Нашей литературе везло: царь ей слишком часто заменял Бога. Ей всегда было на кого жаловаться. После 91-го года русский писатель — впервые! — остался один на один с русским читателем. При этом формула «писатель-читатель» так же мало популярна в российской культуре, как уравнение «товар-деньги-товар» в российской экономике. Призвание русского поэта в ином — говорить с Богом, с царями, с народом, хотя бы с собственным письменным столом.

На протяжении всей своей блестящей истории русская литература стремилась конкурировать с реальностью. Впрочем, это задача и любой другой литературы. Разница в том, что русским писателям везло больше — им всегда подыгрывали власти. Цензура. Гонения. Трибуна. Ум. Честь. Совесть. И так далее, вплоть до перестроечного времени, когда писатель еще совершал последние героические усилия удержаться на наклонной плоскости, по которой Россия скатывается к остальному миру. Август наступил писателю на пальцы — руки разжались, и отечественная словесность упала в пропасть. Тихо и незаметно завершился гигантский этап в жизни великой русской литературы. События 91-го года вместе с прочими идеологическими структурами, попутно и незаметно, упразднили литературу в ее традиционном обличий. Завоеванная на улицах Москвы свобода превратила специфическую «особость» нашей словесности в анахронизм.

Речь идет отнюдь не только о старых грехах перестроечных книг — политизации, публицистичности, мании правдоискательства. Все гораздо серьезней. На августовских баррикадах наконец разбились уже треснувшие литературные очки, сквозь которые общество смотрело на окружающее. Реальность взяла реванш у влиятельного миража, учившего тому, что только описанное художественным методом явление заслуживает доверия и осмысления. Мол, есть только то, чего нет, — ну, например, Обломов, или Корчагин, или Иван Денисович. Писатель создает свой мир, по-своему его обставляет, сам им распоряжается, а читатель должен принимать авторскую вселенную за настоящую. Поэтому каждый автор имеет право начинать заново, как будто до него ничего не существовало, как будто это он, только что, сию секунду, выдумал словарь и синтаксис.

Каким же грандиозным самомнением надо обладать, чтобы написать: «Иван Петрович встал со скрипучего стула и подошел к распахнутому окну». Чтобы не испытать стыда за плагиат, надо заставить се6″я забыть обо всех предшествующих и последующих Иван Петровичах, скрипучих стульях и распахнутых окнах. Нужно твердо, до беспамятства и фанатизма, верить в свою власть над миром, чтобы думать, будто ты описываешь жизнь такой, какая она есть.
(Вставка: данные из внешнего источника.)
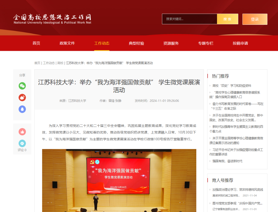 全國高校思政網(wǎng)報道學(xué)?!拔覟楹Q髲妵鲐暙I”學(xué)生微黨課展演活動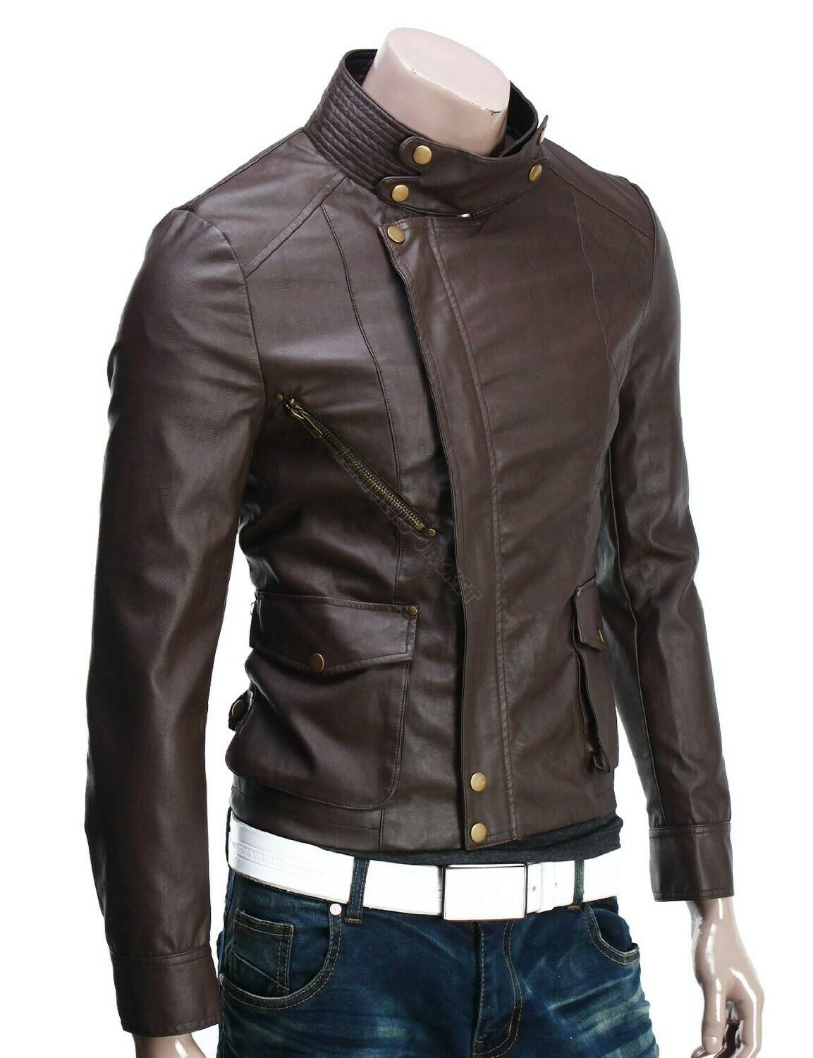 Men's Stylish zipper jacket real leather sheepskin jacket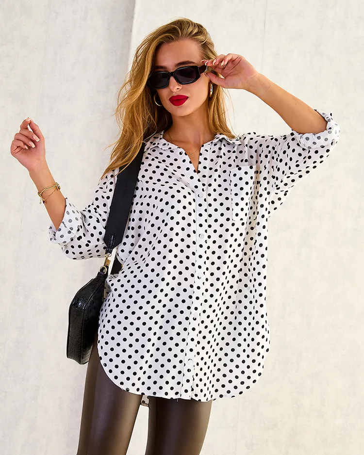 - Сенсаційна жіноча сорочка в горошок з закатаними рукавами. Модель з комірцем, застібається на ґудзики. Must have в гардеробі кожної жінки!

Впрочем, лучшие русские писатели как раз и обладали такой неслыханной дерзостью — в каком-то смысле они были дикарями. Великая словесность, вообще-то, появляется когда хочет. Но среди тех немногих благоприятных для нее обстоятельств, которые все-таки поддаются наблюдению, — распад союза идеологии с жизнью. Лучшие сочинения рождаются в момент кризиса. Естественное, органическое состояние мира опирается на фундаментальные ценности, то есть те, на которых можно прочно стоять, — быт, семья, труд, власть, вера, держава. До тех пор, пока эти ценности не подвергаются сомнению, поэту, в общем-то, делать нечего — он, как канарейка, поет что-то негромкое и неважное. Когда фундаментальных ценностей не остается, поэту снова делать нечего — он опять превращается в канарейку, только теперь уже в золоченой,

разукрашенной декадансом клетке. Самое интересное в культуре происходит на сломе традиционного сознания, когда органика мира уже пошла трещинами, но еще держит форму: уже не глина, еще не черепки. Большую литературу создают те, кто попал в счастливый зазор между естественным и противоестественным. Проще говоря, великие книги пишут «дикари», для которых сама культура еще сенсационная новость-открытие.

Такими новичками были русские классики XIX столетия. В наш век подобным дилетантским пафосом мир поразили латиноамериканцы. На очереди, наверное, те культуры, которые живут в предчувствии распада своей цельности, — например, мусульмане. Судьба Салмана Руш-ди поучительна — пока за чернила требуют крови, словесности есть на что надеяться.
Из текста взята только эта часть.